Purdue’s newest community cluster supercomputer, Gilbreth, has GPUs on every node and is optimized for machine learning and deep learning. Gilbreth plays an important role in the success of Purdue’s Integrative Data Science Initiative (IDSI), a Purdue-wide initiative to help support and coordinate research, education and broader engagement in data science at Purdue, with a goal of bringing “data science to all.” Gilbreth is used by some of the research projects that have been funded by the IDSI, and is also used by the Data Science Consulting Service, a component of the IDSI that offers Purdue researchers hands-on support with data analysis.
Community clustering makes more computer power available for Purdue researchers than faculty and campus units could individually afford, all with the added benefit that ITaP Research Computing installs and maintains the clusters and provides expert staff support. All community cluster supercomputers provide web browser-based tools for interactive data science, in addition to more traditional batch computing.

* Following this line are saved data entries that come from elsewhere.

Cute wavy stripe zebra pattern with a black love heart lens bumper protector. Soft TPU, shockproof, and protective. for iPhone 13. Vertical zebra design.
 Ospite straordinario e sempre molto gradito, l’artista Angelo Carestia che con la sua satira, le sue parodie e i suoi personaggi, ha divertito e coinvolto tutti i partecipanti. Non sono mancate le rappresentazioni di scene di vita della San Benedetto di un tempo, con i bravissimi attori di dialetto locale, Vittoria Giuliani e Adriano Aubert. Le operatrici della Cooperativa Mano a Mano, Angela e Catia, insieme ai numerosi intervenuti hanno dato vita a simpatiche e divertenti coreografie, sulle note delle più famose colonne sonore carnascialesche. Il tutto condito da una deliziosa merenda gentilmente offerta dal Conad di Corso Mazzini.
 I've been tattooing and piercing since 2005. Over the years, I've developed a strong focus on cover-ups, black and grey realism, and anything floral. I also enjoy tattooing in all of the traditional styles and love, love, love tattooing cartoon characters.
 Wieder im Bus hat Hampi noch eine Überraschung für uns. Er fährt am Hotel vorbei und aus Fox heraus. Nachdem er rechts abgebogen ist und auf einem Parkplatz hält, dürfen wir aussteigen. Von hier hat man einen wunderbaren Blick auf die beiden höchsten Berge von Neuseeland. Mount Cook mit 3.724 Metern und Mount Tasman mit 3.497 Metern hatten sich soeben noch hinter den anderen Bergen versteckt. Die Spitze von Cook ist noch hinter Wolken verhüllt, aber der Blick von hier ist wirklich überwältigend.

For researchers who don’t need the full power of Purdue’s supercomputers but are doing computationally intensive data analysis that may be too much for a laptop to handle, Data Workbench provides a solution. Data Workbench is an interactive computing environment that provides access from anywhere to web-based data analysis tools such as JupyterHub and R Studio Server.

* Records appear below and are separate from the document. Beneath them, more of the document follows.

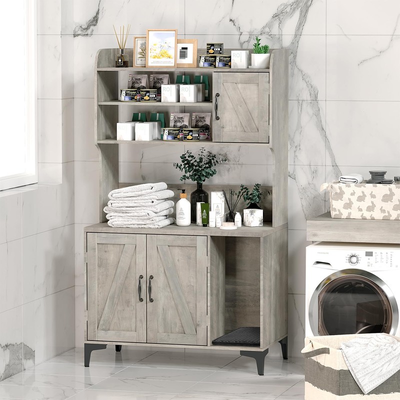 GarveeLife Cat Litter Box Enclosure With Shelves,Hidden Litter Box Furniture,Cat Litter Box Cabinet,Hidden Cat Box Furniture With Scratching Mat,Wood Sturdy Cat Washroom Storage, Indoor Cat House,Grey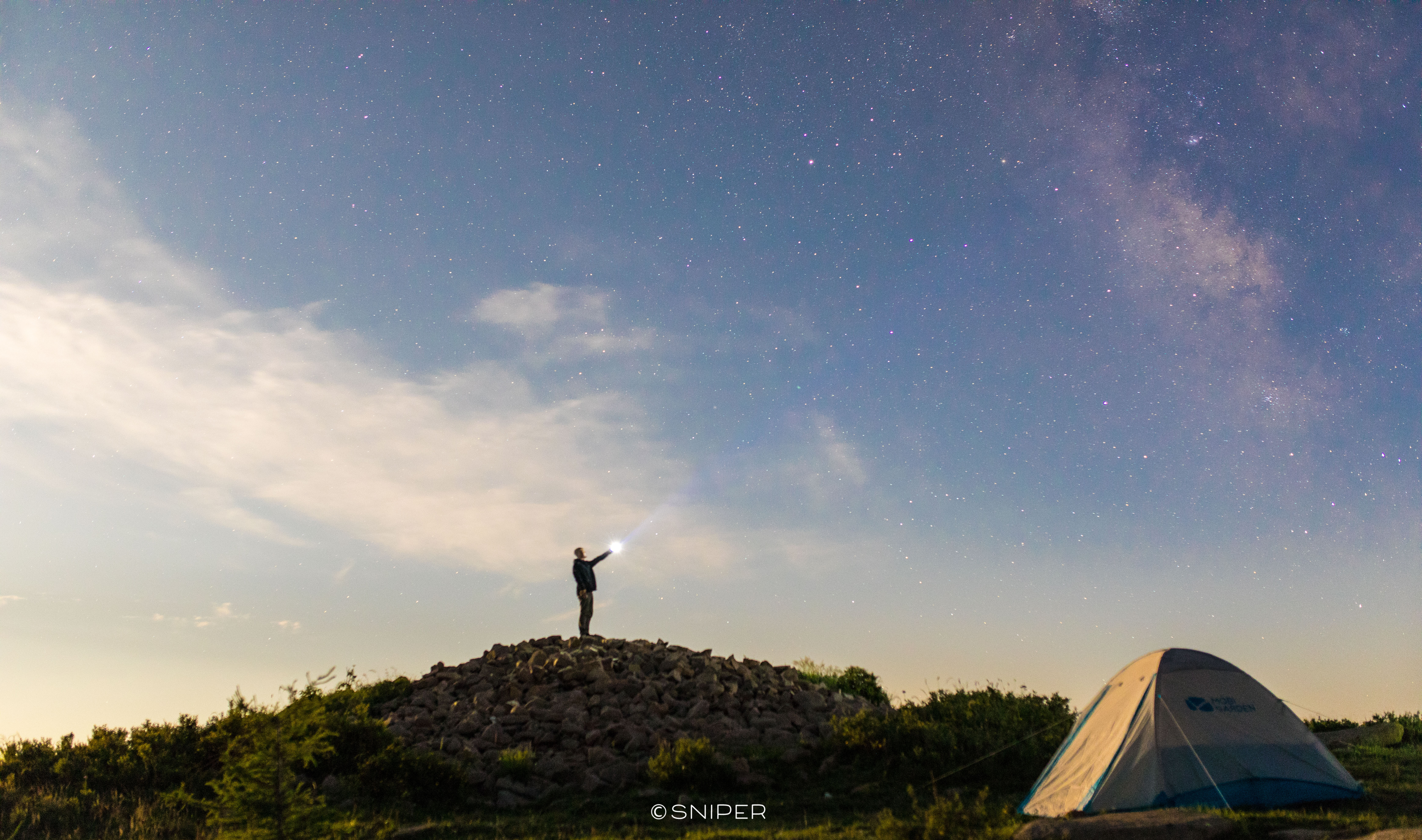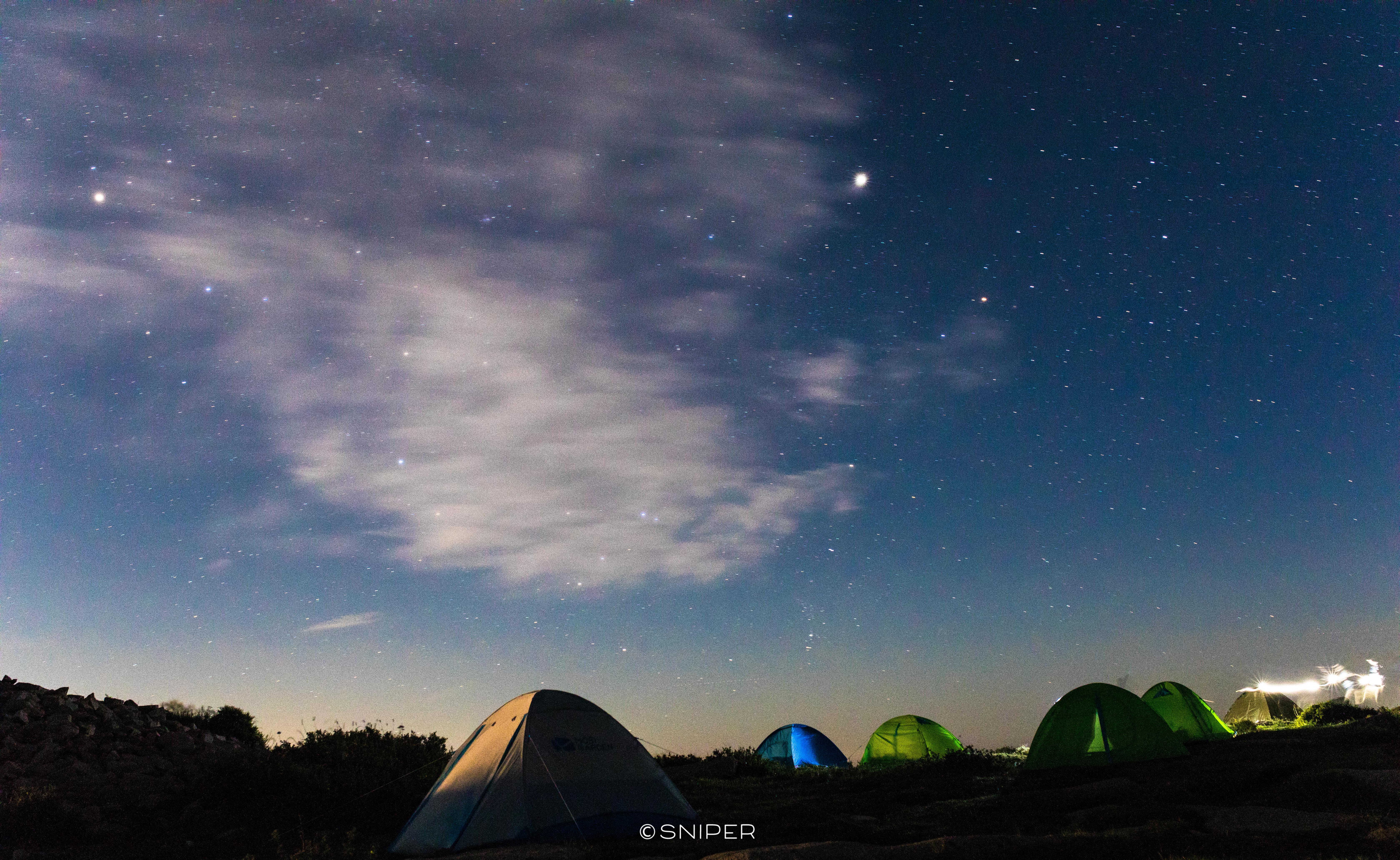 山上露营的人很多,可以看到不远处,熙熙攘攘的欢乐声,有欢快歌唱的、有蹦迪电音的、有专心拍银河的、有两情相悦星空下聊着天的…还有我们,一群欢快的游侠客!!!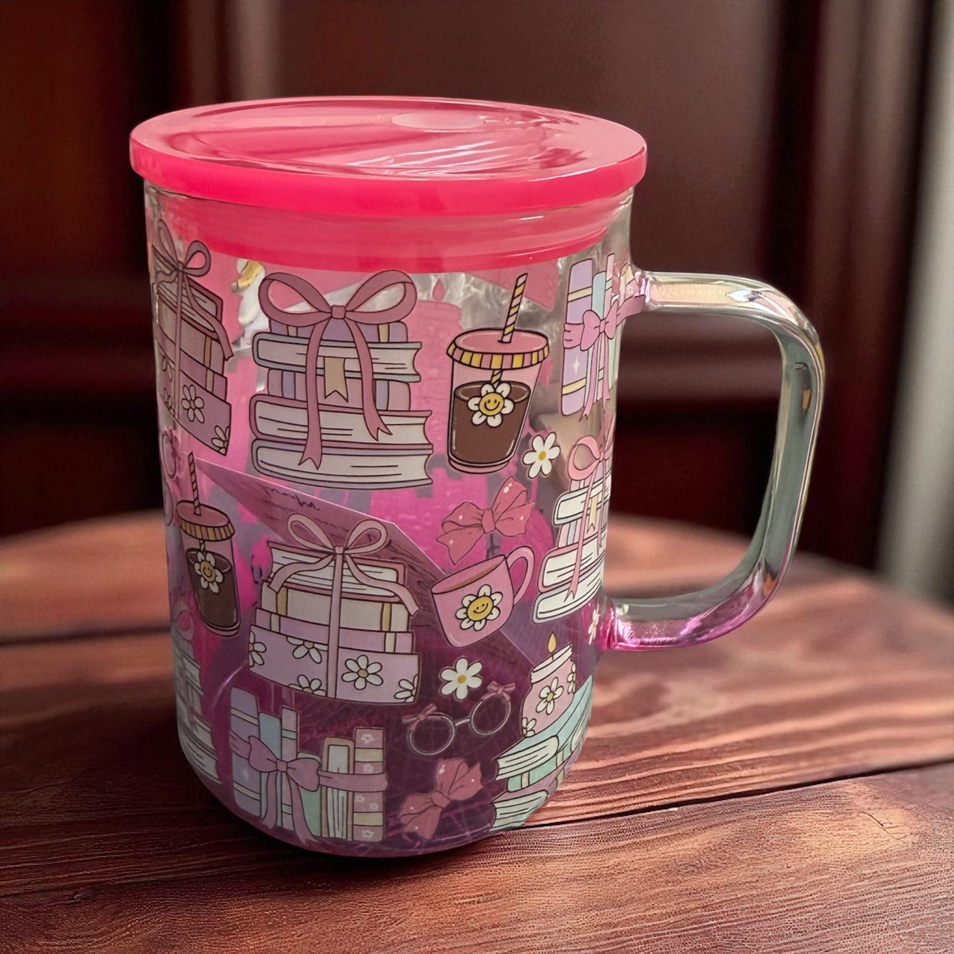 Iced Coffee Bookish Coffee Book Lover - 16 oz Glass Mug with Handle & Plastic Lid for Straw – Reusable Drinking Cup - UVDTF Stickers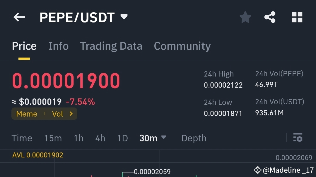 La coppia di trading $PEPE/USDT è entrata in un punto critico, riflettendo un'intensa attività di mercato e una volatilità elevata. Attualmente scambiata a 0.00001900, la coppia ha registrato un forte calo del 7,54% nelle ultime 24 ore. Questo movimento segnala una lotta tra acquirenti e venditori mentre il token si avvicina a un livello di supporto chiave a 0.00001871, che potrebbe determinare la sua prossima direzione.

In addition, ITaP Research Computing offers a variety of research data storage solutions, including Data Depot. Purdue hosts its own version of GitHub, the version control system. Staff from ITaP Research Computing periodically offer Software Carpentry workshops to introduce researchers to modern scientific computing. These workshops teach the basics of Unix, version control with Git, and programming languages that are useful for data science, such as Python and R.

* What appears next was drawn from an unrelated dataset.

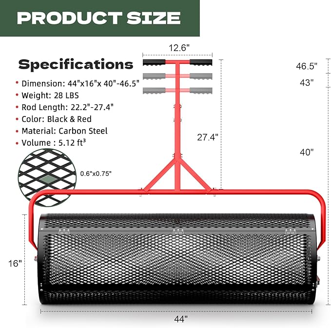 Compost Peat Moss Spreader for Lawn, 44 Inch Compost Roller Spreader with Adjustable T-Shaped Handle, Upgraded Side Clasps, Durable Lightweight Metal Roller, Lawn Garden Yard Care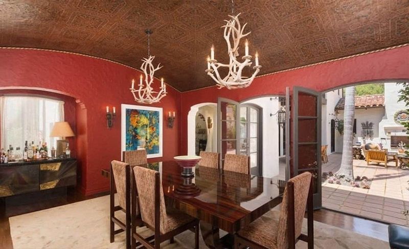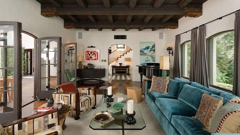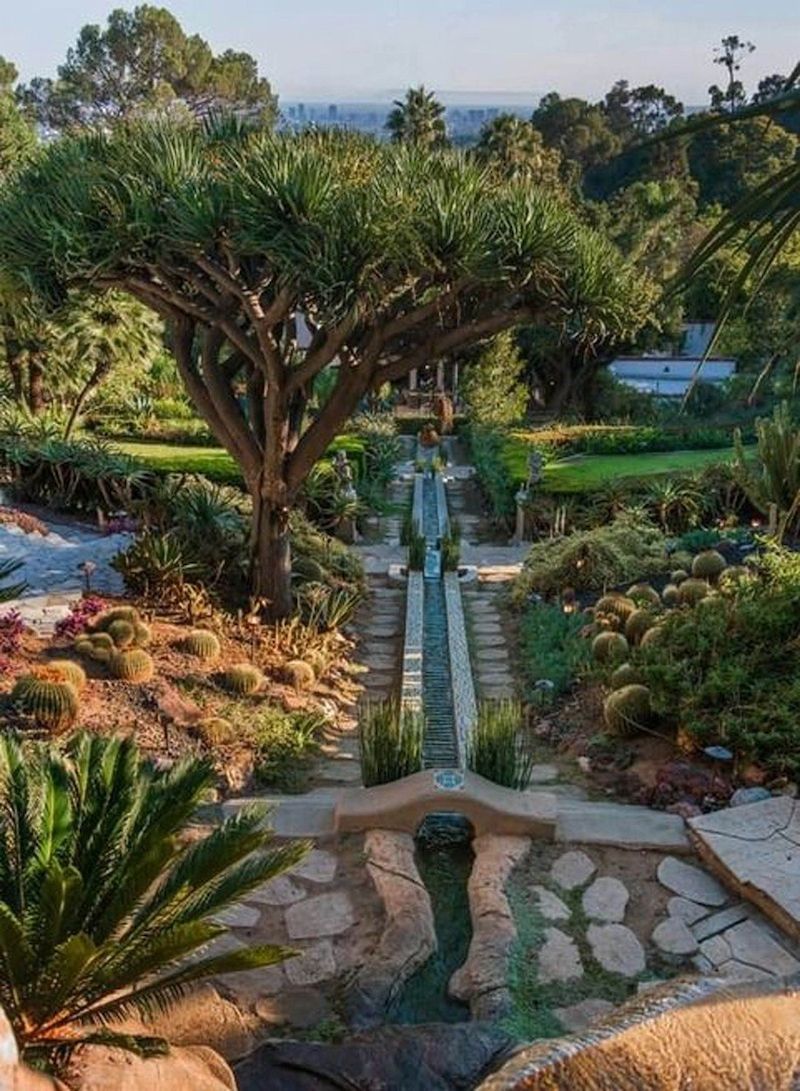 Zajímavý je v tomto případě také exteriér, kde kromě velkého posezení u venkovního krbu na nádvoří před domem se jeho obyvatelé mohou těšit například z bazénu. Jsou tu ale i další vodní prvky umístěné v zahradě o výměře 5868 čtverečních metrů. Ty v horkých dnech pomáhají s ochlazováním vzduchu. Je to vodní kaskáda, fontánka či jezírko s kapry koi.

Geoff Lentner, ITaP Research Computing data scientist. Like most of the Research Services and Support team, Geoff combines a science background (in his case, physics and astronomy) with expertise in high-performance computing, and helps faculty members use ITaP Research Computing resources to accomplish their research more efficiently. Geoff also has specific experience in working with data and helps research groups better manage the way they collect, store and analyze their data. He’s also the go-to person for help with research software engineering in Python. Geoff and the other ITaP Research Computing staff experts can be reached at firstname.lastname@example.org.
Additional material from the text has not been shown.